All required dspqueue_* symbols are present in the SA8775P system libcdsprpc.so.1: dspqueue_create, dspqueue_close, dspqueue_export, dspqueue_write, dspqueue_read, etc.

Cross-Compile Pitfalls

  1. CMAKE_SYSROOT breaks the linker — Ubuntu's gcc-aarch64-linux-gnu packages install linker scripts with absolute paths (e.g., /usr/aarch64-linux-gnu/lib/libm.so contains GROUP( /usr/aarch64-linux-gnu/lib/libm.so.6 ... )). When --sysroot is set to /usr/aarch64-linux-gnu, these absolute paths double up to /usr/aarch64-linux-gnu/usr/aarch64-linux-gnu/lib/... and fail. Solution: let the compiler use its built-in sysroot.

  2. rpcmem_init is optional when linked against libcdsprpc.so. The SDK's cross-compiled libcdsprpc only exports rpcmem_alloc/free but not rpcmem_init/deinit. The Q6A system libcdsprpc has them all.

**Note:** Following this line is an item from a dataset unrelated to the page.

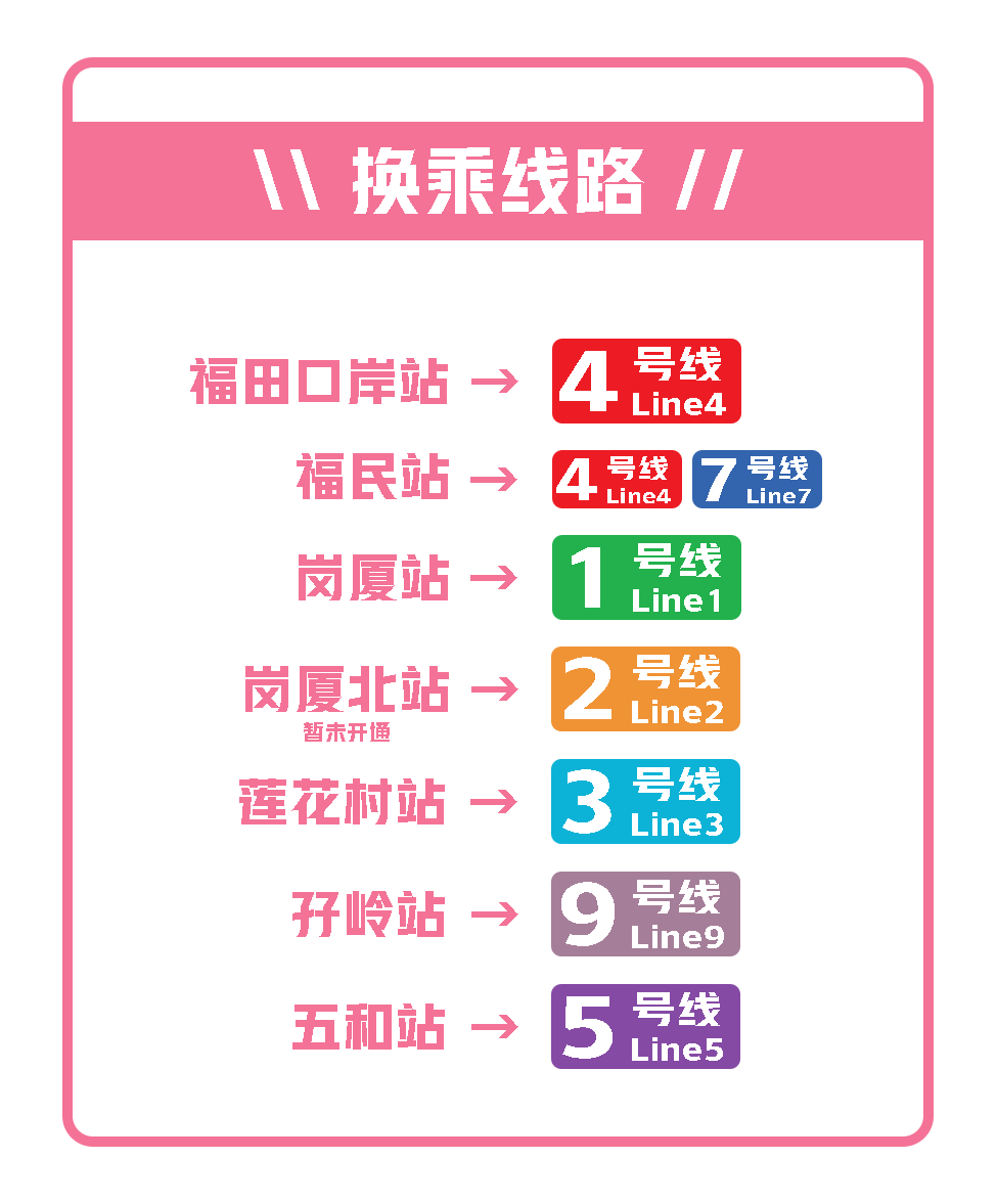 其中,B1口为既有3号线B1口;C2口接莲花二村小区及既有3号线C口(彩田路东侧);E口莲花山脚(彩田路西侧)、A2口接中银大厦北侧及既有3号线A口(红荔路南侧)。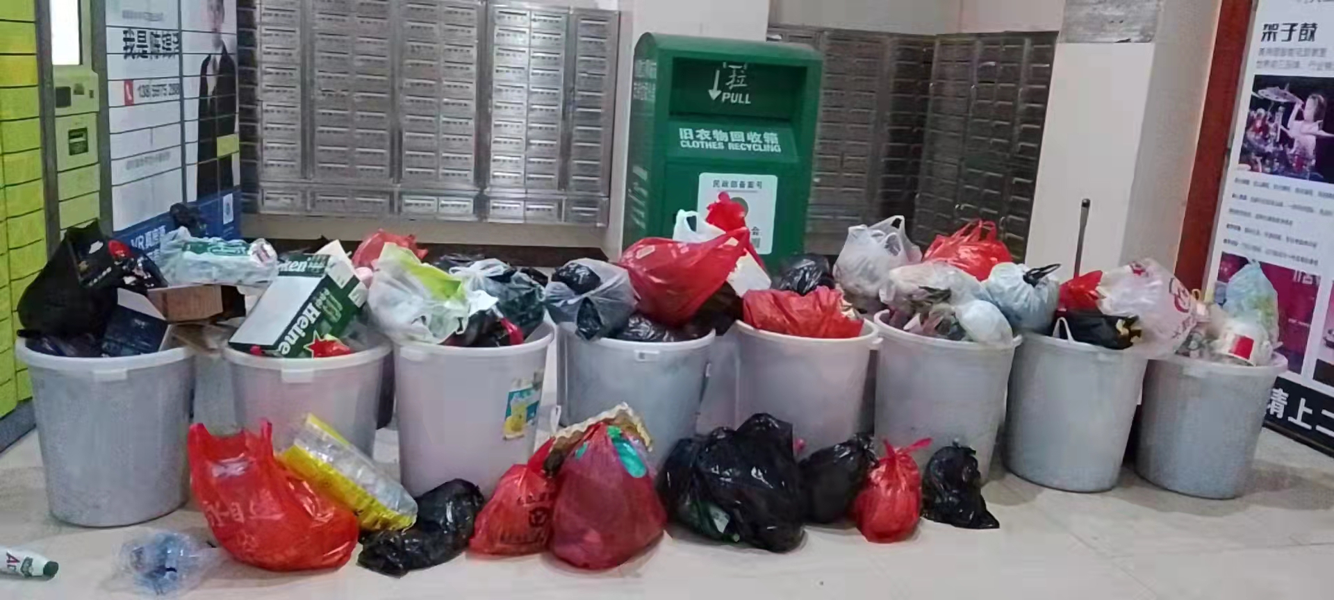 疫情期间,受封控隔离影响,环卫工、清洁工大量减少,而封控区居民居家期间购物用的箱子、塑料盘、塑料袋等生活垃圾有增无减,垃圾清理运送工作成了小区疫情防控的一个重要难题。同样的问题也困扰着封控中的刺桐明珠小区,整个物业仅剩1名保洁人员,不到两个小时,各楼栋的垃圾已堆满,垃圾转运站也早已堆积成山,大门紧闭。24小时驻点在这里的泉州市统计局抗疫先锋队黄延聪队长,看在眼里急在心里。他心里非常清楚,疫情期间封控区垃圾处理不同往日,一定要及时进行专业消杀,专车专用闭环管理,稍有不慎就可能引发细菌病毒的交叉传播,是疫情传播的潜在风险点。

  3. The old llama-cli binary has hexagon init code baked in. The llama.cpp build generates llama-simple, not llama-cli. Deploy llama-simple as llama-cli to get a binary that loads the hexagon backend from the shared library.

NPU Acceleration

After implementing offload_op and enabling direct-compute mode, the Hexagon backend now actually offloads operations to the NPU. Here is everything that was done:

Required Changes to ggml-hexagon.cpp

  1. offload_op callback — Added a function that returns true for GGML_OP_MUL_MAT and GGML_OP_MUL_MAT_ID, so the scheduler claims these ops for the NPU:

    static bool ggml_backend_hexagon_device_offload_op(ggml_backend_dev_t dev, const struct ggml_tensor * op) {
        return (op->op == GGML_OP_MUL_MAT || op->op == GGML_OP_MUL_MAT_ID);
    }
    
  2. Memory increased to 10 GiB — Changed from the hardcoded 2 GiB to 10 GiB (matching QCS6490's 11 GB RAM):

    *free  = 10ULL * 1024 * 1024 * 1024;
    
  3. Direct compute mode — Added a code path that bypasses the broken dspqueue and calls htp_iface_compute() via FastRPC directly. The dspqueue is still created for session initialization. Enable with GGML_HEXAGON_DIRECT_COMPUTE=1.

dspqueue Status

The default dspqueue path (GGML_HEXAGON_DIRECT_COMPUTE=0) fails on this Q6A board with error 0x0000002e (unknown DSP-side error). This affects both Q4_K_M and Q8_0 models. The direct compute path (GGML_HEXAGON_DIRECT_COMPUTE=1) works correctly and shows real NPU acceleration.

Possible causes for dspqueue failure:

  • CDSP daemon in bad state (restart with sudo systemctl restart cdsprpcd may fix)
  • Firmware version mismatch with dspqueue implementation
  • Queue size or buffer allocation issue specific to this board

Supported Quantizations

The Hexagon HTP kernels support these quantization types:

  • GGML_TYPE_Q4_0
  • GGML_TYPE_Q8_0
  • GGML_TYPE_IQ4_NL
  • GGML_TYPE_MXFP4

Q4_K_M is NOT supported. Use Q8_0 or Q4_0 models for NPU offload.

Performance Benchmarks

All tests on Radxa Dragon Q6A (QCS6490, 11GB RAM, 8x ARM Cortex cores, Ubuntu 24.04).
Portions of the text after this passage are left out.